La directora de la Fiscalía Federal en Puerto Rico, Rosa Emilia Rodríguez-Vélez, aseguró que el operativo federal Tough Karma sacó de circulación a “peligrosos criminales”. (Primera Hora / Archivo / Andre Kang)
miércoles, 25 de enero de 2012
Francisco Rodríguez-Burns / Primera Hora
Una nueva acusación federal radicada contra una organización criminal parece más una novela de espionaje que una cruda historia sobre el narcotráfico.
Un Gran Jurado federal emitió el pliego contra cinco individuos que, presuntamente, conspiraron para darle un golpe a la pandilla que opera en el residencial Manuel A. Pérez, el cual se ha convertido en uno de los principales centros de distribución de drogas del país.
Como cualquier otro relato de intriga, la investigación contra el grupo comenzó desde un punto distante en Pensilvania, pero dentro del organigrama criminal aparecieron “personas de interés”, blancos de la pesquisa, en el residencial capitalino y en los estados de Florida y Texas.
Según los datos aportados por las autoridades, se trató de una conspiración que cruzaba estados y que se extendía al Caribe. ¿Cuál era el objetivo? Manuel A. Pérez. Durante el operativo, titulado Tough Karma, no se desarticuló a la banda que actualmente controla el complejo público, pero sí a los sujetos que intentaban dominar el residencial.
“Las organizaciones violentas mantienen a nuestras comunidades como rehenes.
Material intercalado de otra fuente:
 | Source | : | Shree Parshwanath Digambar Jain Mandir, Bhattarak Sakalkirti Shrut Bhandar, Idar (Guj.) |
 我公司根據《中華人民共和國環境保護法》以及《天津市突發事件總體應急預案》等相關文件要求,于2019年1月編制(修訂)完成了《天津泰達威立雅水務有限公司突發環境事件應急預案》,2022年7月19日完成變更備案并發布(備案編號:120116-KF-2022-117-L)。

Fomentan el miedo, intimidan y promueven la violencia, atentando contra el bienestar de los ciudadanos que cumplen con la ley”, sostuvo la directora de la Fiscalía Federal en Puerto Rico, Rosa Emilia Rodríguez–Vélez.
“Esta investigación ha sacado de circulación a peligrosos criminales fuera de las calles de Puerto Rico”, añadió la funcionaria.
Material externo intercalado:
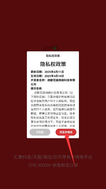 1、打开应用后仔细阅读服务协议和隐私政策,确认后点击同意并继续按钮进入。
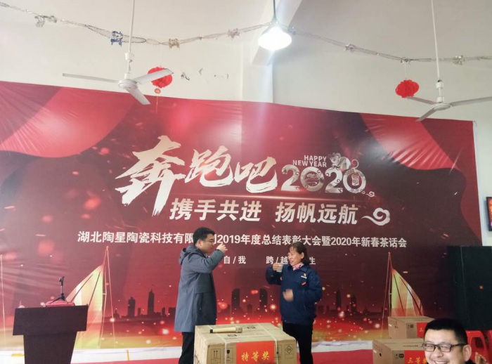 最后,公司總經(jīng)理杜修全同志為新年致辭,他指出:2019年公司雖困難重重,但陶星人憑著一股不服輸、不認(rèn)輸?shù)母蓜牛R心協(xié)力,揮灑汗水,在市場經(jīng)濟(jì)整體下滑的情況下,公司內(nèi)銷和外銷仍持增長態(tài)勢(shì),只要上下齊心,報(bào)團(tuán)取暖,度過公司低迷期,將會(huì)迎來新一輪的大發(fā)展。同時(shí)向辛勤奮斗在各個(gè)工作崗位上的陶星人,以及在背后默默支持的家屬致以誠摯的感謝。

La acusación contra el grupo también establece un precedente. Es la primera que la Oficina de la Fiscalía Federal en Puerto Rico radica una acusación bajo el estatuto drive-by shooting, que no necesariamente se limita o significa atentados a mano armada que se realizan desde un vehículo en marcha.
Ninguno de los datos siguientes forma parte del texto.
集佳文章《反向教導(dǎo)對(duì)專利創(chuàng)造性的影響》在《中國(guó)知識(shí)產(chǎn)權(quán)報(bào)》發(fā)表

Los federales ahora están encaminados a investigar en el país cualquier atentado a mano armada que se comete contra más de dos personas para adelantar una empresa criminal de narcotráfico. El estatuto es federal y, por ende, cae bajo su jurisdicción, pero sin lugar a dudas los federales estarán ampliando su radio de acción en la Isla mediante la nueva iniciativa. La sentencia máxima bajo el estatuto es la pena de muerte.
La investigación se asignó a una unidad especial que atendará estos casos, así como el procesamiento de otras acusaciones de crimen organizado, particularmente si envuelven esquemas establecidos por las empresas criminales.
Los delitos cometidos por los miembros de la banda se cometieron entre agosto y septiembre de 2011. Según los federales, las autoridades pudieron detener varios asesinatos que la banda iba a cometer en Puerto Rico.
“La DEA está comprometida con reducir de manera significativa la cantidad de muertes relacionadas con narcotráfico que se registran en Puerto Rico”, indicó el director interino de la DEA en Puerto Rico, Pedro Janer. “Este caso debe enviar un mensaje claro y contundente para aquellas organizaciones que utilizan la intimidación y que asesinan para adelantar sus empresas criminales” , añadió el funcionario.
Los acusados enfrentan acusaciones por conspirar para poseer con intención de distribuir drogas, drive-by shooting y la utilización de un arma de fuego en relación con un crimen violento, así como la posesión de una ametralladora. Según se desprende de la investigación, varios de los sujetos se intercambiaban información sobre la banda que actualmente opera en Manuel A. Pérez para, en un futuro, reemplazarla.
Tres de los acusados enfrentan cargos de drive-by shooting por una balacera que cobró la vida de un hombre identificado como Eizer Rivera Molina y que dejó a otras tres personas heridas en hechos que se registraron en el caserío el pasado 21 de agosto.
El 15 de agosto, el presunto cabecilla de la organización, identificado como Oscar Sánchez Martínez, mejor conocido como “Mayer” o “Gordo”, también tiroteó a otras personas, pero nadie resultó herido de bala.
En el último atentado, el sujeto recibió la asistencia de su presunto lugarteniente, Esteban Hernández Claudio, alias “Salsa”. Los otros acusados fueron identificados como Charles Pizarro García, alias “Char” o el “Negro”; Oscar Valdés García, “Pony”, y Anthony González Vega, “el Satélite”. Pizarro García es el único de los implicados en la conspiración que permanece como fugitivo.